As Malcolm noted, “With a SPARQL update pipeline, you have a perfect audit trail showing exactly who made a change and when. We attach provenance to everything, which creates a safe system where you can discover exactly what your AI agents have done.”

By making data the center of the architecture, he simplifies access control—treating data like classified files—and enables agents to act as trusted, audit-ready coworkers.

Malcolm, in fact, is presenting on this access control innovation at Semantic Arts’ Data-Centric Architecture Forum (DCAF) this week. I’m happy to share this preview of his thinking with the following embedded YouTube recording and edited transcript.

YouTube Video

Edited Transcript

[00:06:50]

Alan: This is another issue of the GraphRAG Curator podcast, and I’m really pleased to have Malcolm Sparks with us. So, Malcolm, could you tell us a bit about your current affiliations?

Malcolm: Well, I’m a software developer, and I’ve been sitting at the intersection of two different communities for a while now. The first is the Clojure community, which I’ve been heavily involved with for about 15 years [Clojure is a functional, general-purpose programming language and a dialect of LISP that runs on the Java Virtual Machine, emphasizing immutability and concurrency]. But I’m also quite active in the W3C camp.

[00:08:17]

Malcolm: I guess you could call me a spectator in the W3C community, though I’m still an avid implementer of web protocols. Back in 2010, I built a knowledge graph application for a bank, and I really enjoyed the experience. I felt RDF [RDF (Resource Description Framework): A standard model for representing data on the web, designed to facilitate data exchange and integration.] had a great resonance with many ideas in the Clojure community, which is why I believe Clojure is such a strong language for implementing web technology.

[00:09:34]

Alan: A lot of us in the semantics community have really latched onto functional programming, haven’t we? I’d love to establish how you got your start and what’s informed you the most along the way.
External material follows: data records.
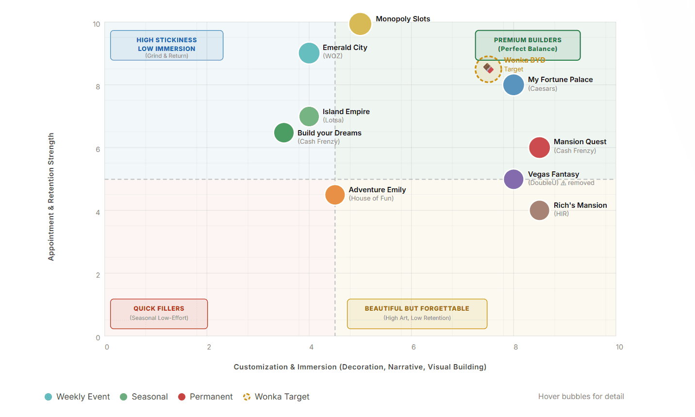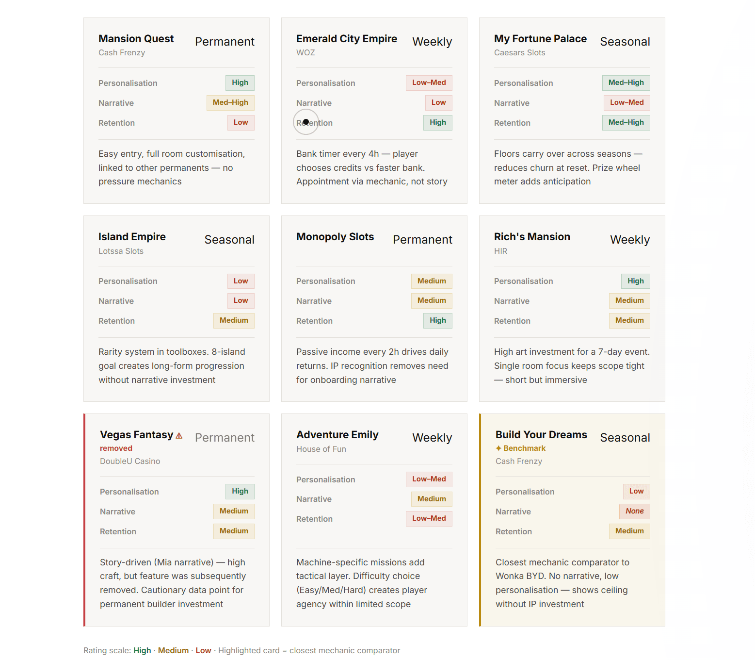 Before opening Figma, we ran a structured competitive benchmark across 10+ titles, mapping mechanics, monetisation strategies, and failure patterns across social casino and casual builder games.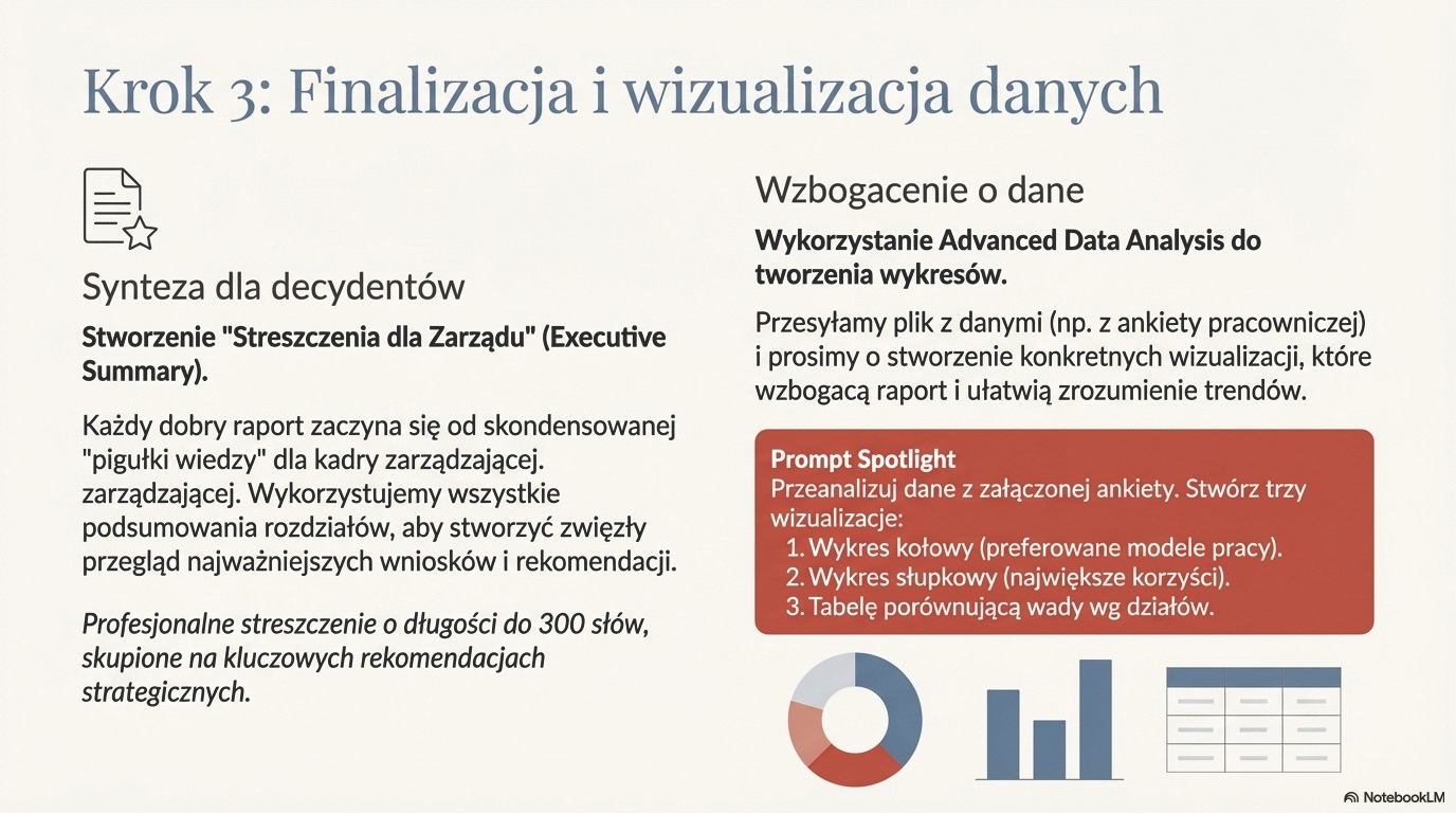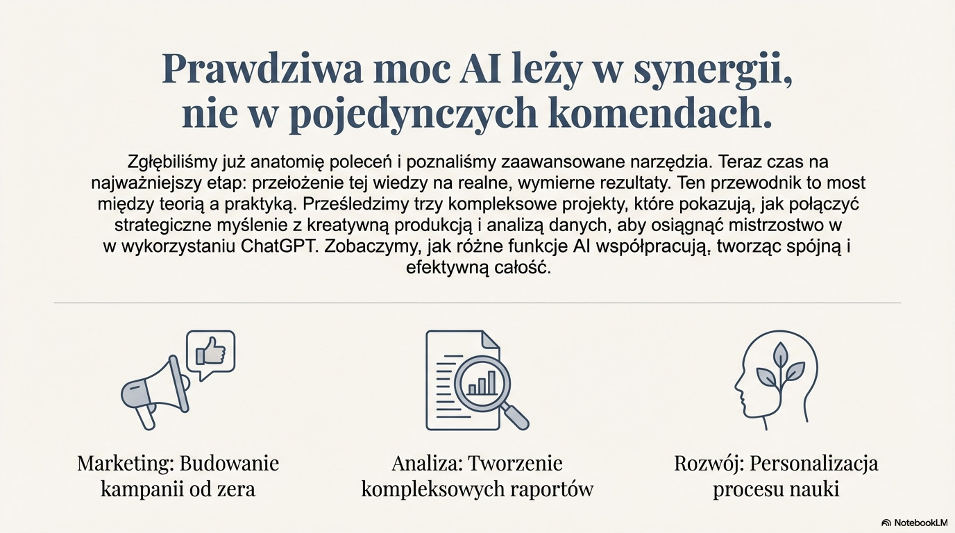 Mając te umiejętności, byliśmy gotowi, aby otworzyć zaawansowany arsenał narzędzi. Nauczyłeś się, jak wykorzystać Advanced Data Analysis do pracy z plikami i przekształcania surowych danych w cenne wnioski. Odkryłeś moc GPTs, ucząc się tworzyć własnych, spersonalizowanych asystentów, wyspecjalizowanych w konkretnych zadaniach. Poznałeś dynamiczny tryb "Kanwa" do interaktywnej pracy z tekstem oraz funkcje "Projekty" i "Zadania", które pozwalają profesjonalnie organizować i automatyzować pracę. Wreszcie, uwolniłeś swoją kreatywność, generując obrazy z DALL-E i analizując je za pomocą funkcji Vision.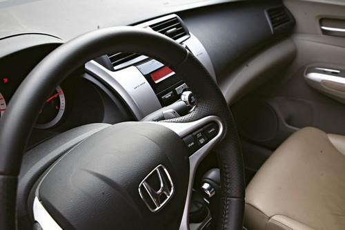 鋒范中控臺的樣式比較規整,各功能區域劃分明顯,一些常用的按鍵還被刻意放大,提升了實用性,但相比新飛度非對稱布局的中控臺要顯得中庸了不少。另外,變速器面板的樣式有很明顯的上一代車型的影子,而藍牙系統的位置如同第七代雅閣一樣被安置在駕駛員側的A柱上。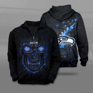 Men / Women Seattle Seahawks 3D Skull Zipper Hoodie, NFL Seattle Seahawks Apparel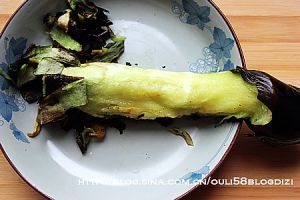 不时转动茄子和青椒,使其均匀受热成熟,将烤熟的茄子去掉表皮;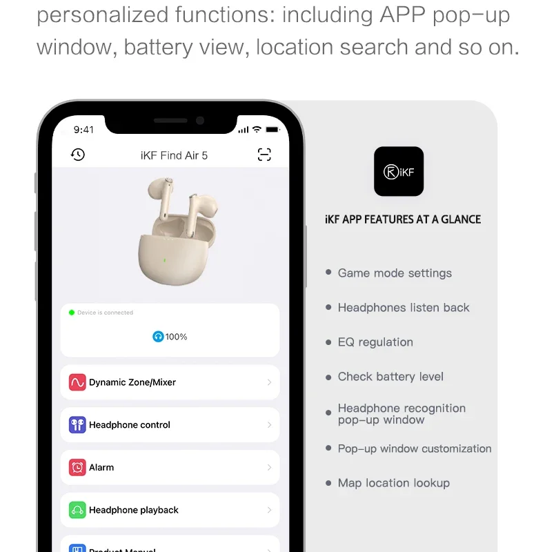 iKF-Find Air5 True Wireless Headphones Bluetooth App Control TWS Headset IPX5 Waterproof HiFi Earphone Gaming Earbuds with 4 Mic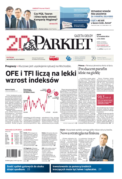 Największy w Polsce newsroom gospodarczy zbiera, analizuje i zgłębia dla Państwa najważniejsze informacje ze świata finansów. Codzienne wydanie „Parkietu”, sześć dni w tygodniu, to kilkadziesiąt artykułów o emitentach, instytucjach finansowych, gospodarce. To również opinie, felietony i wywiady z najważniejszymi ludźmi krajowej i globalnej finansjery.

Malcolm: It’s been a long road, for sure. Seeing the early version of Netscape Navigator was truly informative; watching it connect PCs and printers across the world so seamlessly really blew my mind.

[00:11:15]

Malcolm: In the 90s, I was building CORBA [CORBA (Common Object Request Broker Architecture): A standard that allows software components written in different languages and running on different computers to communicate.] applications, and I was even envisioning this “intergalactic object web.” Then Java arrived in 1995, and I got pretty involved, especially with Java RMI [Java RMI (Remote Method Invocation): A Java API that allows an object to invoke a method on an object running in another Java Virtual Machine.] applications. Back then, I was a total object-oriented fanboy, building everything in C++ and Java.

[00:12:30]

Malcolm: I actually started a Java users group in Manchester, and a speaker there told me all about Enterprise JavaBeans (EJB), which was a huge thing for Sun. But the problem with objects is mutable state—you have to reconcile that state in the object with the state in the database, which is tricky. [In programming, ensuring that memory and the database always show the exact same information is complex and can be error-prone – a reconciliation challenge.] EJB was an early attempt to synchronize object state to a database, and I ended up writing one of the first implementations before moving on to write a server engine for J2EE.

[00:14:01]

Malcolm: That led me to JavaServer Pages and the whole XML/SOAP era, but eventually, it all became just too complex. So, I turned my attention to REST [REST (Representational State Transfer): An architectural style for providing standards between computer systems on the web, making it easier for systems to communicate.] and simple servlets instead. [Instead of a heavy container managing an object’s lifecycle, the servlet acts as a direct, simple handler that receives an HTTP request and returns a response,]

[00:15:10]

Malcolm: I came across WebMachine, which Justin Sheehy built on Erlang [another functional, declarative language] to use a state machine for the request-response cycle. I built a Clojure version called Plugboard, and later, I discovered Composure REST—which did a much better job—so I renamed it Liberator. After that, I built a router called Biddy, followed by the web framework Yada, and a whole set of technologies I called Site.

[00:16:31]

Alan: That’s quite a journey. How did we get from there to your current graph-centric work?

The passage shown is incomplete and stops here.